La gamine semble réfléchir à chacun des pas qu'elle pourrait faire, mais aussi à tous les mots qu'elle souhaite me partager. Elle se méfie mais je sais, je sens qu'au fond d'elle, elle est consciente que j'ai raison et que je ne parle pas pour rien. Après tout, malgré mon jeune âge, n'ai-je pas l'expérience et la maturité d'un adulte ? A défaut d'être le plus sage d'entre eux, mon histoire a fait de moi un loup aigri mais sûr de lui. Je sais ce que je dis pour l'avoir vécu moi-même, et libre à elle d'aller pleurnicher chez sa meute, si elle veut survivre.
Pourtant elle se rapproche de moi, et ne semble pas sur le point de s'enfuir à toutes pattes. Au contraire, elle a l'air de chercher à me regarder, pourtant son visage s'incline dans des directions qui ne sont pas correctes. L'obscurité lui fait-elle défaut, ou la petite a-t-elle seulement trop peur de me regarder dans les yeux ? Je chasse ces réflexions de ma tête, il sera bien temps plus tard de savoir qui elle est et ce qu'elle vaut exactement. Et puis si vraiment ma revanche sur les meutes ne peut s'effectuer avec elle, je trouverais bien un jour quelqu'un pour assouvir avec moi mes sinistres desseins.

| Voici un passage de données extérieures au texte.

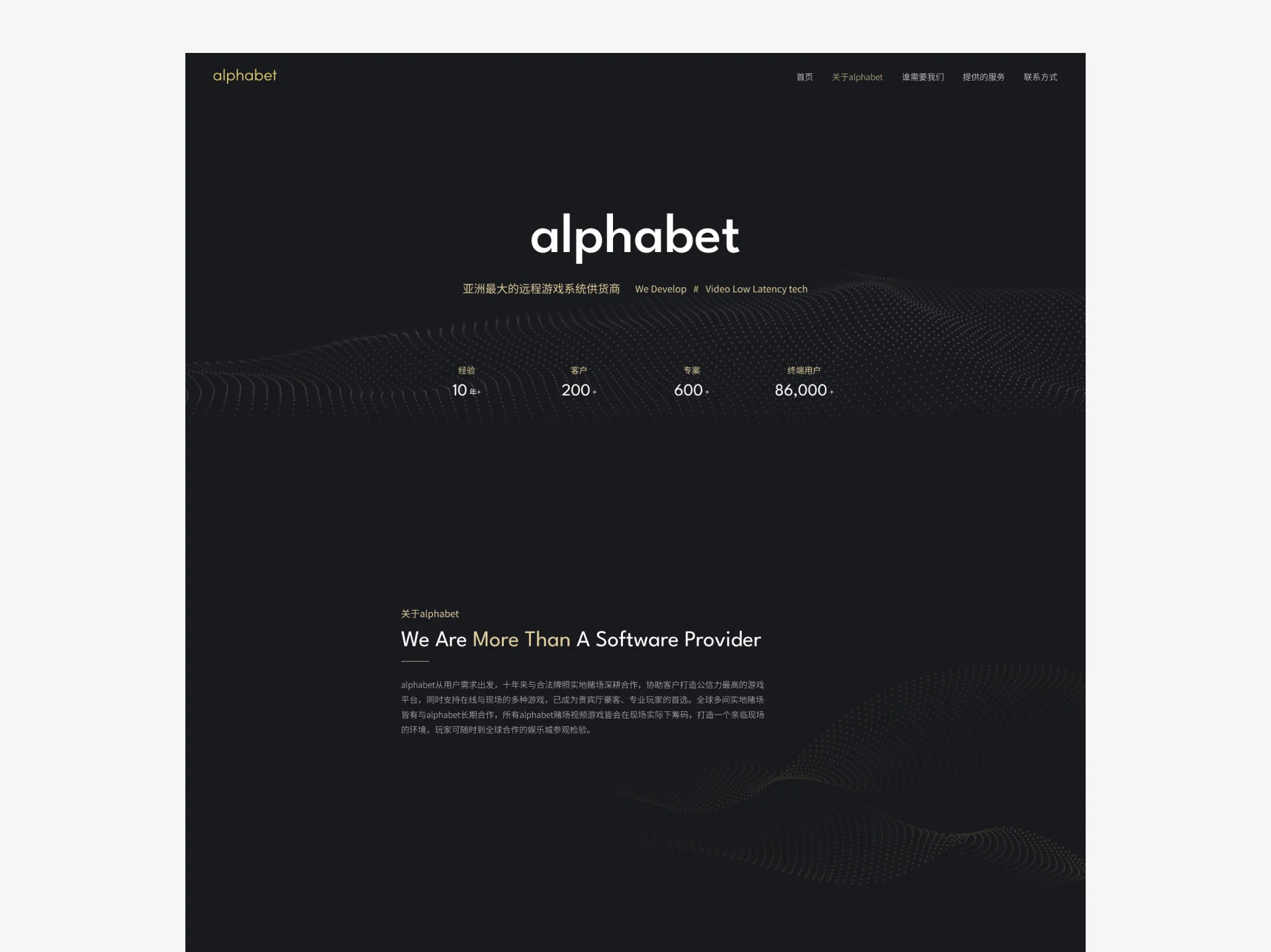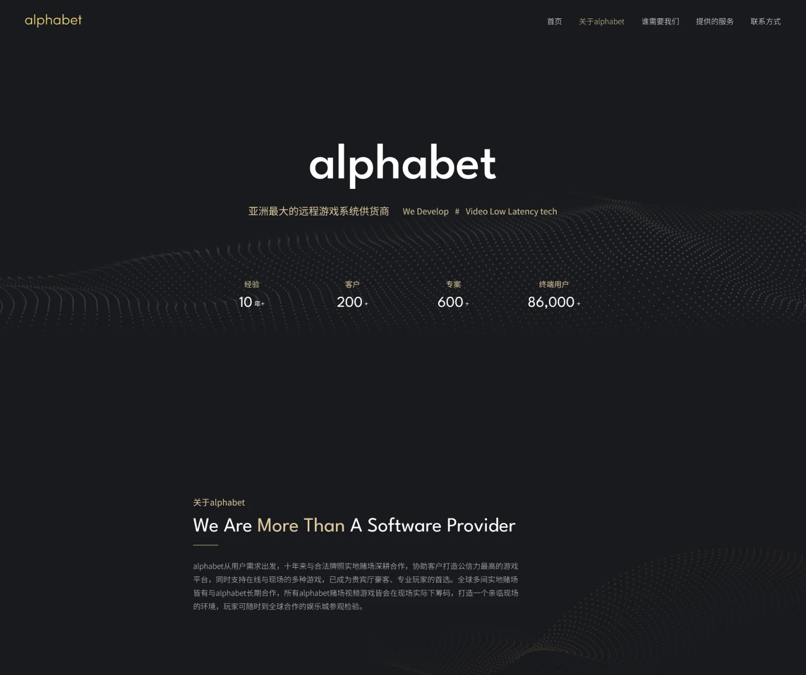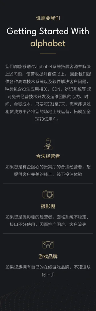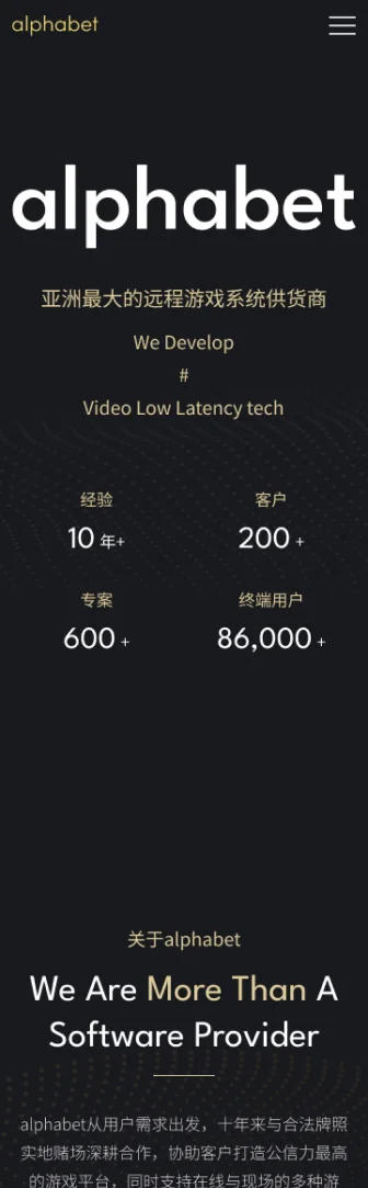 alphabet從用戶需求出發,十年來與合法牌照實地賭場深耕合作,協助客戶打造公信力最高的遊戲平台,同時支持在線與現場的多種遊戲,已成為貴賓廳豪客、專業玩家的首選。全球多間實地賭場皆有與alphabet長期合作,所有alphabet賭場視頻遊戲皆會在現場實際下籌碼,打造一個親臨現場的環境,玩家可隨時到全球合作的娛樂城參觀檢驗。

Je m'éloigne du trou où je l'ai trouvée et, la louvarde à mes côtés, je me dirige vers les sous-bois. Il est grand temps de se nourrir, que ce soit elle ou moi. Elle est trop rachitique pour me servir tout de suite, je dois bien investir maintenant pour qu'elle me rapporte quelque chose plus tard, n'est-ce pas ? Alors, dans l'obscurité de la nuit, je laisse ma truffe et mes oreilles me guider tandis que je traverse la forêt en calquant mes pas sur ceux de la jeune femelle, dans le but de couvrir le bruit de notre nombre et de tromper les proies qui se cachent sûrement près de là. Il est temps de manger.